-->
Page 1 of 4

Three Questions About SSL support on ESP8266 module

PostPosted: Fri Dec 06, 2019 5:30 am
by esp8266_abc
Hi Experts,

1. Where could I find the definitions of those reason codes, e.g. below print by sdk:
client handshake failed!
Reason:[-0x4310]
Some of them could be found from SSL protocols, but some could be not be found like above -0x4310

2. Is there a way or an API to capture the reason codes if peer sends to us, other than SDK print?
e.g. SDK debug print “client's data invalid protocol Reason:[-0x7880]” which means that "The peer notified us that the connection is going to be closed".
Is there an API to get these reason codes?

3. Is there an efficient idea to burn the bin of CA certificates into the module?

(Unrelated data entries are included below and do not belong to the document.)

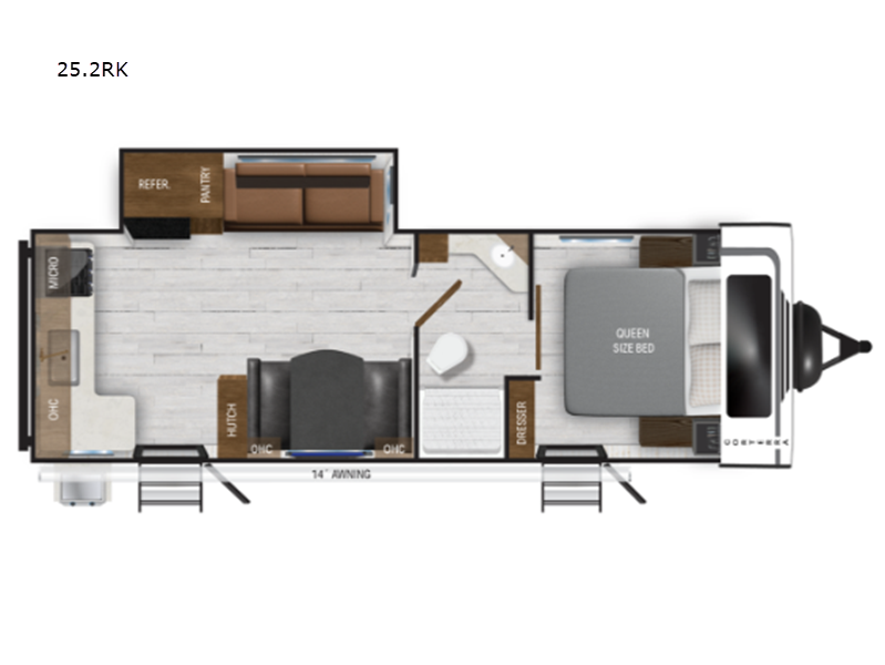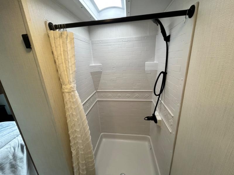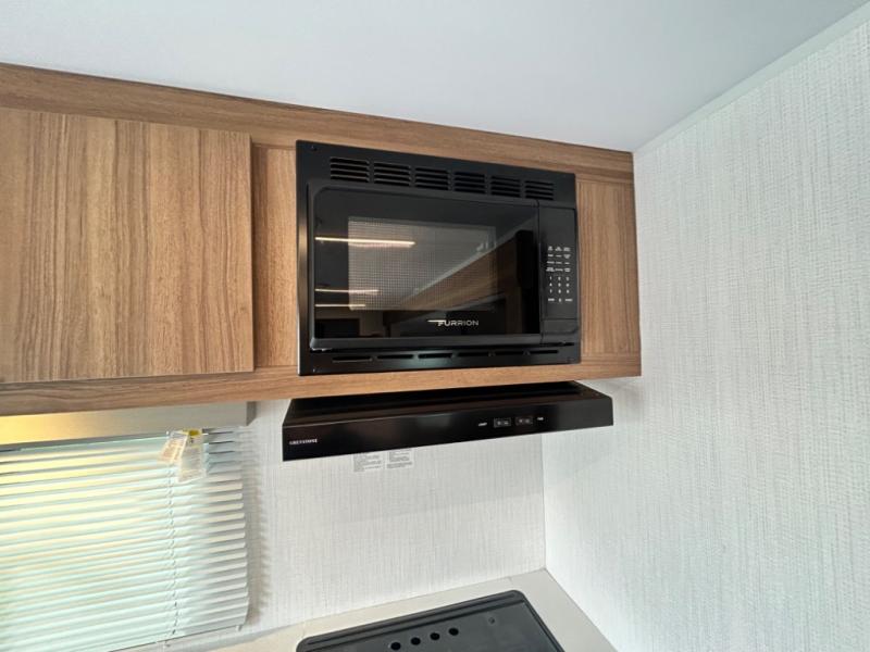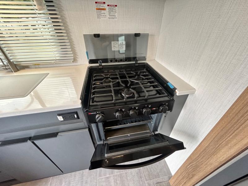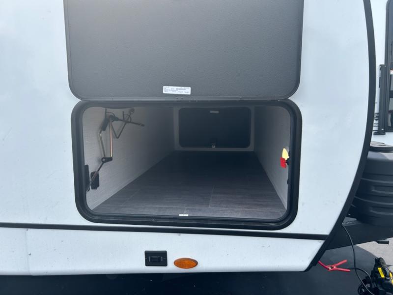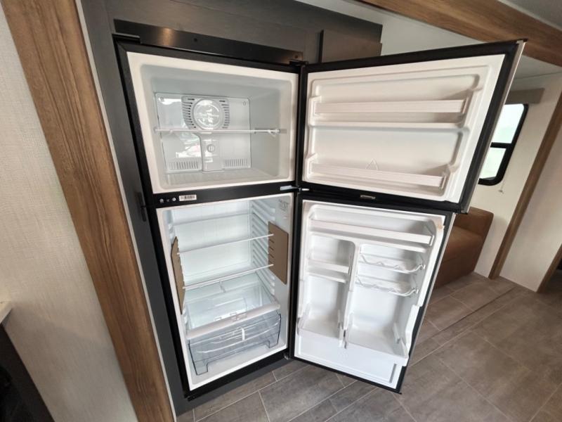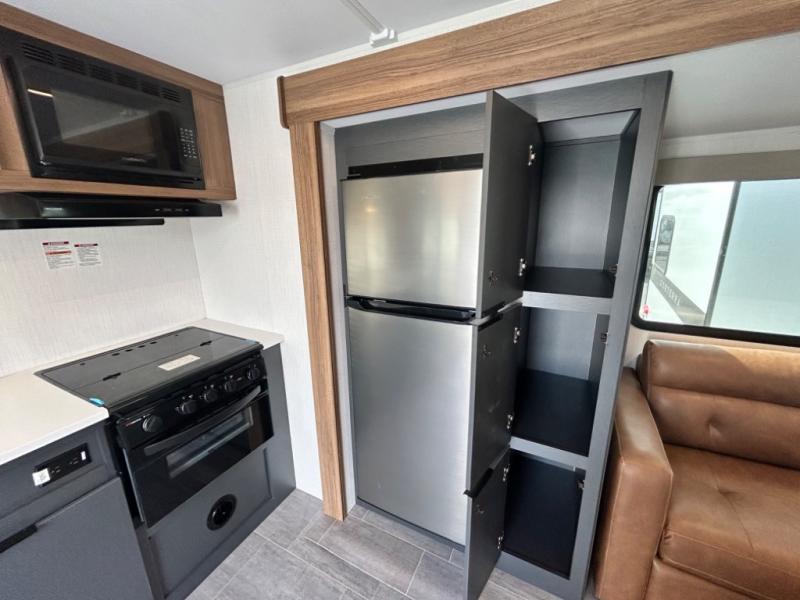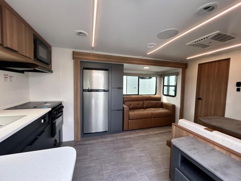 Head to the great outdoors in this travel trailer! Enter the unit through one of the dual entry doors and see all that it has to offer. Starting with the front private bedroom that has a queen size bed to lay your head on at night and wardrobes on either side to hang up your clothes, plus it enters right into the walk-through bathroom which has a full shower surround. The rear kitchen has stainless steel appliances to prepare your best home cooked meals, but if you're wanting some more fresh air while you cook then head to the outdoor kitchen where you can grill some burgers on the cooktop and enjoy a cold beverage stored in the refrigerator. Next to the booth dinette is a hutch to store all of your dishes, and across from it is a sofa to relax on while you watch a movie on the 40" LED TV!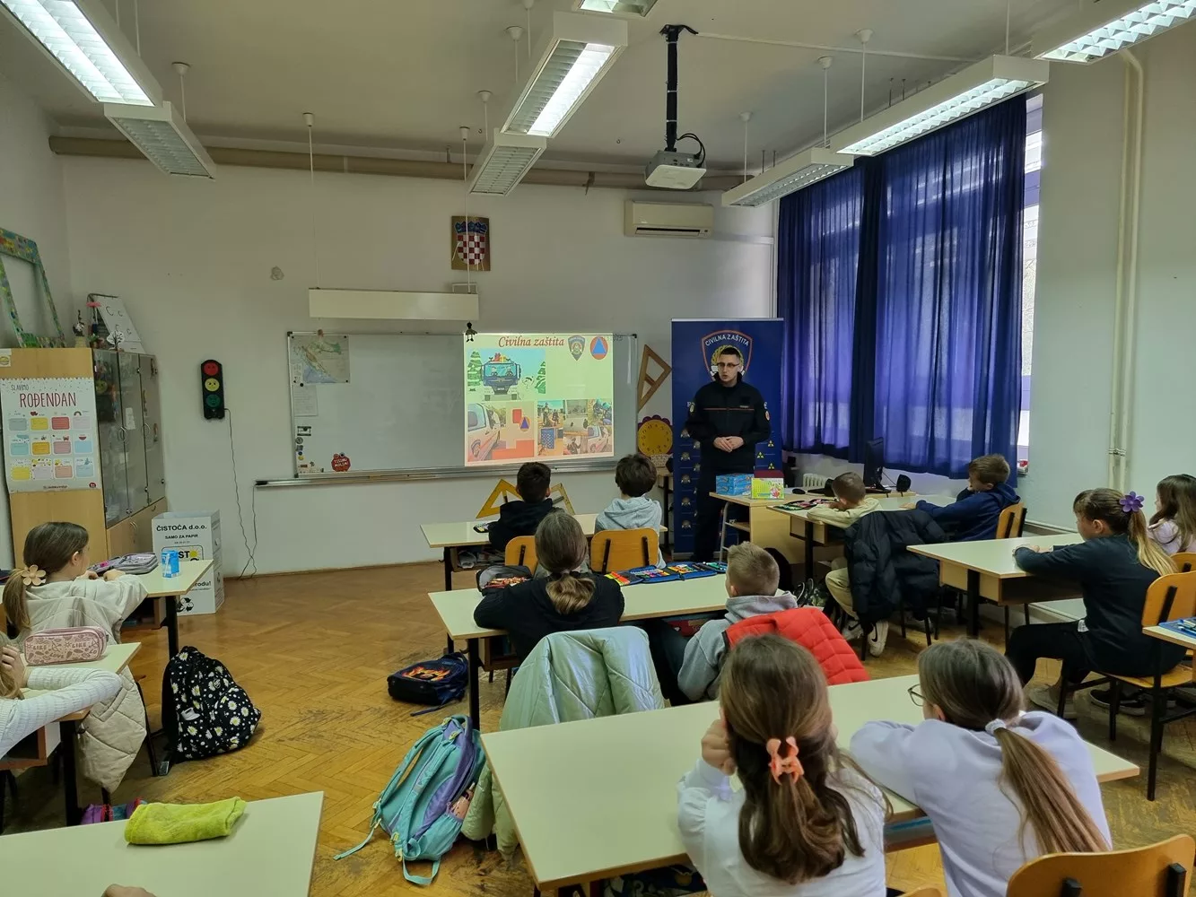Djelatnici Službe civilne zaštite Zadar proveli su jučer edukaciju za 130 učenika Osnovne škole „Vladimir Nazor“ Neviđane o potencijalnim rizicima koji nastaju usred prirodnih katastrofa i drugih velikih nesreća te kako postupati u takvim slučajevima.
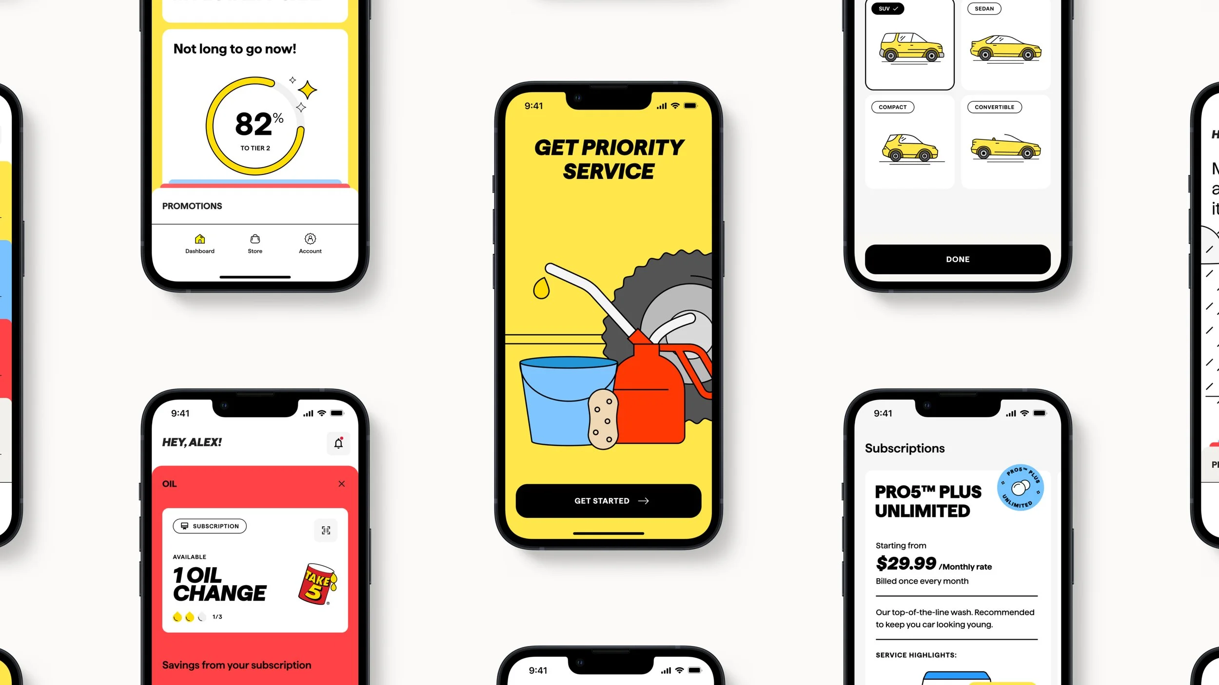 Senior Visual Designer for THE BRANDING AND APP DESIGN FOR TAKE5 OIL CHANGE AND CAR WASH REWARDS APP. we went through multiple rounds of revisions, and designed the logo, illustration style, and app design for driven brands new app.
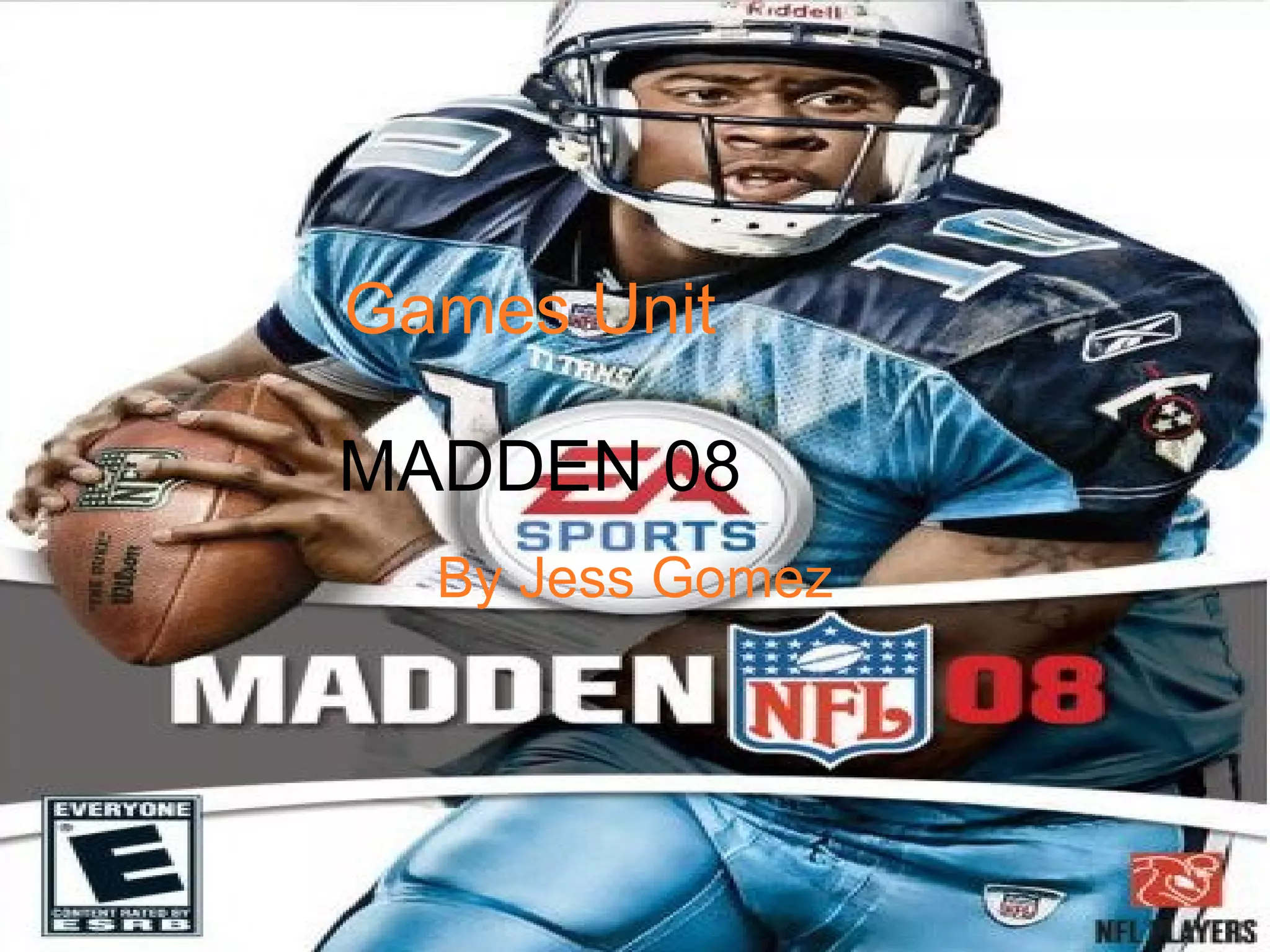 This document provides a detailed walkthrough and overview of the Madden 08 football video game. It describes the various menus, game modes, controls, and features. The summary covers the franchise mode gameplay, including drafting, the regular season, playoffs, and offseason activities. Play is advanced by playing weeks, and important steps like saving are noted. Player progression, injuries, and other stats/team information are also outlined. The walkthrough provides a comprehensive look at how to navigate and play all aspects of the Madden 08 game.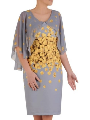 Sukienka damska, wyjściowa kreacja w modnym fasonie z ozdobną narzutą 25577

Scenario 1: We have 10K module without CA and client certificates burnt before.
How could we lead these module to support SSL? burn one by one?

Scenario 2: The module connects one SSL server, then connects another SSL server.
Then, need to burn the CA certificates twice frequently ?

Thanks!

Re: Three Questions About SSL support on ESP8266 module

PostPosted: Fri Dec 06, 2019 7:09 pm
by davydnorris
1. In the mbedtls code supplied with the NonOS SDK there are descriptions of the error codes - you have to dig a bit but the high and low bytes mean different subsystems and components.

2. The ESP routines return these codes, so you could grab them and use a print routine of your own - I think they didn't implement one in the SDK because the strings would take up space. I have never looked in the mbedtls code to see if there is an error printing function but that's where I would start.

3. I burn the CA certs when I burn the firmware, but I also have a routine to update expired cert info OTA.

Re: Three Questions About SSL support on ESP8266 module

PostPosted: Sun Dec 08, 2019 1:03 am
by esp8266_abc
Thanks Davydnorris very much at first !

For the third question, I am also considering update certs in an OTA manner.

But their is another qyestion: the certificates and private keys are often in a format other than the converted ESP BIN format that could be burn directly. Although the BINs could be achieved easily offline using tools by Espressif tool on a PC under linux enviroments, but how to achieve it by the ESP8266 itself? Do you have an converting codes that could be run on ESP8266 directly? Or We have to limit the certs provider server for donwloading to store offline converted bin files and in pre-defined protocol that is consistent with the donwloading protocol supported by the module, which is very imconvenience!

Thanks!

Re: Three Questions About SSL support on ESP8266 module

PostPosted: Sun Dec 08, 2019 5:19 pm
by davydnorris
I run the Espressif supplied tools on the files to create an uploadable format, and that is what I put on my OTA web server.